Vaulken wrote:The original game has pacing (a game design principal) that was slowly diluted until completely removed.

What is pacing?

When ever you do something interesting you get a nice kick of stimulation out of it, it feels real good, you want more, and getting more often makes you need a higher kick to feel the same intensity of sensation as the first. It keeps climbing till you're numb.

Pacing is downtime, preventing activities that could cause this stimulation creep. It comes in the form of:

- Back tracking
- Slow regeneration
- Larger monster health pools
- Corpse running (another form of backtracking)
- Spontaneous world pvp
- Mob tagging
- High respawn rate rape zones (Dun Garok - honestly fuck this place <3)
- Low respawn rate quest monsters
- Low drop rates

Among many, many more things. It is the main drive in forming community by creating bottle necks of progression causing groups of levelers to coalesce in areas to simply have the chance to interact. But its main use is gives a higher value ratio of time spent in game.
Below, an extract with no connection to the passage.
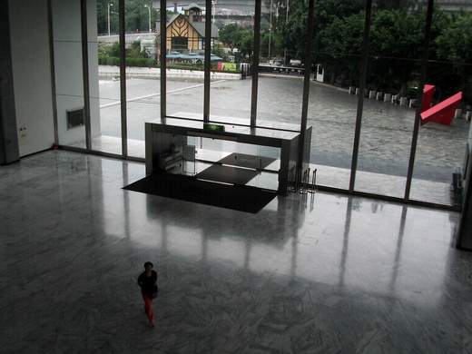 今日的目標是北美館, 經過舊園區, 穿越相隔兩頭的中山北地下行人道,這幢白色建築便映入眼簾。 遙想該館當年開幕情景, 堪稱台灣藝界盛況; 一愰眼二十幾個年頭過去, 建築物已然顯出它的年紀。 往日設在廣場前的李再鈐紅色金屬雕塑已成記憶,換成了幾座不甚入眼的黯淡物權充擺設, 以致甚難引起我的觀賞興趣, 繼續走入館裡。

You remember things better because the higher investment required gives it meaning.

This is basic systems design. This is why mobile games tend to have long cooldowns on high stimulus game interactions. It gives you a large kick and then takes it away for a fixed amount of time, the alternative is to give you down time activities with low stimulus.

Vanilla used this principal very well. It's not present on retail.


Really good post. 8-)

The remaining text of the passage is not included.